Now Israel intends not to manage the threat but to remove it – temporarily. The Israeli government has faced criticism for not concentrating on “the day after” – as in what to do when they have finished dismantling Hamas. However, it is naive to think they have not factored it in.
It’s a question of priorities. After Oct 7, Israel can’t just “manage”. As early as Oct 8, the government said Israel’s goal was now to destroy Hamas so that it cannot threaten people “for many years”. They are not fools, they know Hamas, in one form or another, can reconstitute and come back. They are buying time, just as in 2006 they bought 17 years of time by inflicting enough pain on Hezbollah in Lebanon to deter it from launching serious attacks against Israel (until last month). If they can take Hamas apart, there will be time to work out who governs in Gaza.
But now we are in the “time for war”. A time where the cold logic of strength and weakness means Israel must demonstrate it is willing to use extreme violence to defeat its enemies knowing that if it does not – it is at the beginning of its end.
Hamas, perhaps having gambled and lost that its hostage taking might deter Israel, must try to bring the whole house down and bring in Hezbollah, Syria, and even Iran, to save its own skin despite the cost of thousands of lives. At time of writing Hezbollah is calibrating its military action on Israel’s border to a degree short of triggering war with Israel, and Iran, having lit the fire, seems to prefer to watch things burn as opposed to being burnt. Tehran needs Hezbollah intact as an insurance policy against Israel attacking its nuclear facilities in the future. The governments of the Sunni Arab states mostly loathe Hamas and in private will be happy to see them taken apart even if they must pay lip service to large sections of public opinion on the Arab street.

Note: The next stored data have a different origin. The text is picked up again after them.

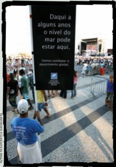
SURFRIDER FOUNDATION BRAZIL

Translation: In the future the sea level could be here. Fight Global Warming.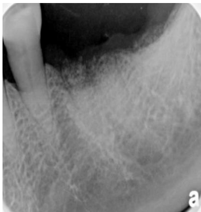
Grafted site – Feb. 2015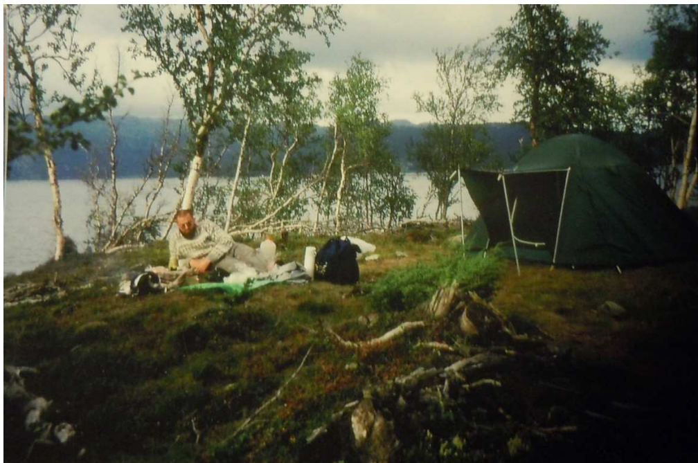
Up in the mountains at Hallingskarvet close to Strandavatnet. 1992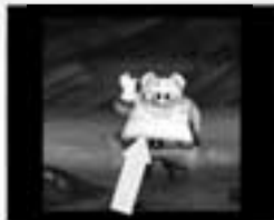
Subject correctly centred.

To direct Jade when fighting, see the Combat & Special Attack section.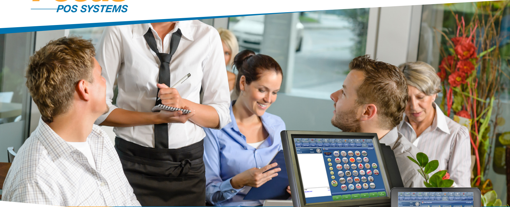
Table Service POS

From long wait times, to slow service and incorrect orders, a number of factors can lead to a poor experience at your restaurant. Focus POS helps busy restaurants manage table seating, increase table turnover and average ticket size to increase the profitability of their operations. Focus Table Service POS enables restaurants to optimize labor and streamline food preparation to ensure the best possible service.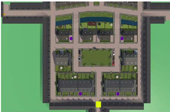
Fig. 1 Neighbourhood layout. The yellow square indicates the participant starting location; purple squares indicate the location where the guardian could appear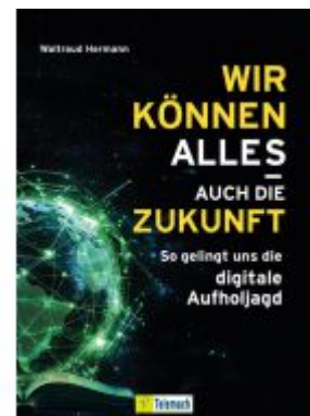
Wir können alles – auch die Zukunft! Ladenpreis: 20,60EUR

That is the big power politics of the crisis. On the ground there are those who believe they are doing God’s work. When this round is over, the Israeli political system will again struggle to rein in its true believers. An even bigger challenge will be to Palestinian society which, yet again, having suffered thousands upon thousands of dead, may ask the question – if Israel is the problem – is the messianic, end of days belief system of Hamas the solution?